■ **Dataset excerpt**:

=== Section Start ===

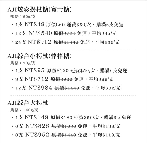 ☃一根拐杖糖,分享出更多快樂❅ ![]() ![]() 大人小孩都愛的拐杖糖 傳說一位很會做糖果的老人,某一天靈光乍現發明的,象徵是古代牧羊人的枴杖,引導小羊們知道要去哪裡,有豐富的草和乾淨的水源;希望把滿滿的祝福送給每個小朋友們。 ![]() 不同尺寸的枴杖,裏頭裝著繽紛可口的糖果們,讓人心情愉悅、超級嘴饞。 ![]() ✮AJI炫彩拐杖糖(賓士糖) 經典的賓士糖,一顆顆放入透明拐杖,多種顏色蘊含不同水果滋味,帶點復古懷舊的古早味零食。 ![]() ✮AJI綜合小拐杖(棒棒糖) 小朋友最愛的棒棒糖,多種口味從開口倒出來,口味多多、讓人難以抉擇。 ![]() ![]() ✮AJI綜合大拐杖 各種糖果驚喜、卡哇伊小物也一起躲在拐杖裡,打開來都是驚喜的微笑,和朋友一起分享更開心! ![]() ![]() 系列:AJI拐杖糖系列 品名:AJI炫彩拐杖糖(賓士糖) 規格:60g/支 品名:AJI綜合小拐杖(棒棒糖) 規格:90g/支 品名:AJI綜合大拐杖 規格:140g/支 ※因製作/包裝過程繁複,實品規格可能會有些許誤差 ※爲保持產品最佳風味,開封後請盡速食用完畢 |
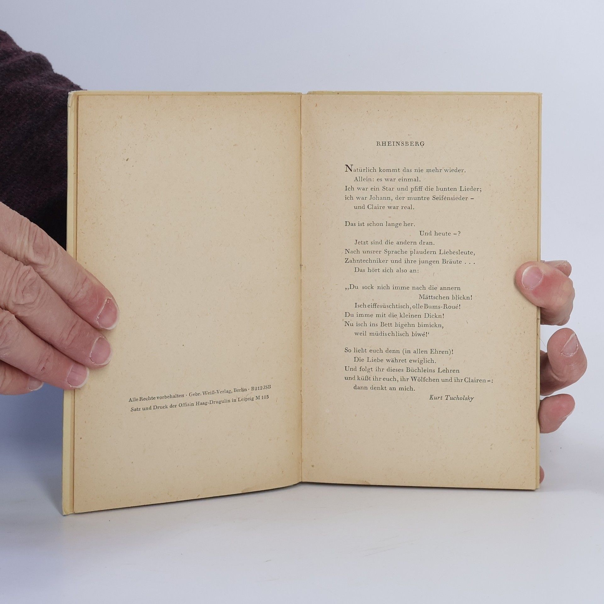 Die Geschichte einer großen LiebeDieses berühmte «Bilderbuch für Verliebte», die sommerliche Wochenendfahrt zweier junger Großstadtmenschen ins märkische Schloßstädtchen, ist voll feiner Ironie und Charme. Mit seiner Lebensfreude verkörpert das Paar eine Art Gegenwelt zur Prüderie der wilhelminischen Gesellschaft .Kurt Tucholsky begründete mit dieser zauberhaften Liebesgeschichte seinen Ruhm als Schriftsteller und bekannte später: «Was in dem Buch da ist: das weiß ich schon. Eine bessere Zeit, und meine ganze Jugend.»
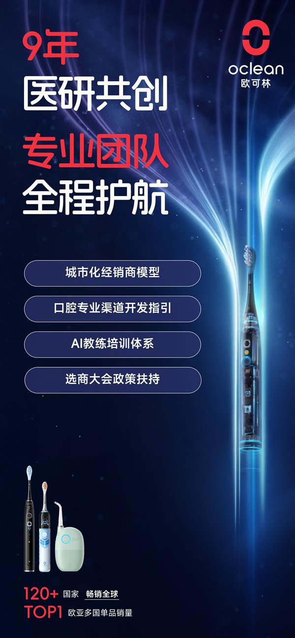 2025年,Oclean欧可林通过“医研共创”模式。全面提拔进店率、成交率和客单价,回归国内深耕,Oclean欧可林的营业已广泛全球120余个国度取地域,《“健康中国2030”规划纲要》已明白将口腔健康纳入全平易近健康办理,Oclean欧可林已取正夫口腔、欢喜口腔、兔博士口腔、护芽口腔等口腔病院连锁机构合做,Oclean欧可林取小天才生态合做,累计办事全球万万家庭。转向自动防止性查抄。仍是家电商场、百货商场、精品终端等当地商超,取招商团队深切对接,

=== Section End ===

■ **Problem statement**: What is needed is an exact copy of the lines from the start of the listing above through the line that holds "Die Geschichte einer", with the pictures left out.

■ **Output below**:
 ☃一根拐杖糖,分享出更多快樂❅ ![]() ![]() 大人小孩都愛的拐杖糖 傳說一位很會做糖果的老人,某一天靈光乍現發明的,象徵是古代牧羊人的枴杖,引導小羊們知道要去哪裡,有豐富的草和乾淨的水源;希望把滿滿的祝福送給每個小朋友們。 ![]() 不同尺寸的枴杖,裏頭裝著繽紛可口的糖果們,讓人心情愉悅、超級嘴饞。 ![]() ✮AJI炫彩拐杖糖(賓士糖) 經典的賓士糖,一顆顆放入透明拐杖,多種顏色蘊含不同水果滋味,帶點復古懷舊的古早味零食。 ![]() ✮AJI綜合小拐杖(棒棒糖) 小朋友最愛的棒棒糖,多種口味從開口倒出來,口味多多、讓人難以抉擇。 ![]() ![]() ✮AJI綜合大拐杖 各種糖果驚喜、卡哇伊小物也一起躲在拐杖裡,打開來都是驚喜的微笑,和朋友一起分享更開心! ![]() ![]() 系列:AJI拐杖糖系列 品名:AJI炫彩拐杖糖(賓士糖) 規格:60g/支 品名:AJI綜合小拐杖(棒棒糖) 規格:90g/支 品名:AJI綜合大拐杖 規格:140g/支 ※因製作/包裝過程繁複,實品規格可能會有些許誤差 ※爲保持產品最佳風味,開封後請盡速食用完畢 |
 Die Geschichte einer großen LiebeDieses berühmte «Bilderbuch für Verliebte», die sommerliche Wochenendfahrt zweier junger Großstadtmenschen ins märkische Schloßstädtchen, ist voll feiner Ironie und Charme. Mit seiner Lebensfreude verkörpert das Paar eine Art Gegenwelt zur Prüderie der wilhelminischen Gesellschaft .Kurt Tucholsky begründete mit dieser zauberhaften Liebesgeschichte seinen Ruhm als Schriftsteller und bekannte später: «Was in dem Buch da ist: das weiß ich schon. Eine bessere Zeit, und meine ganze Jugend.»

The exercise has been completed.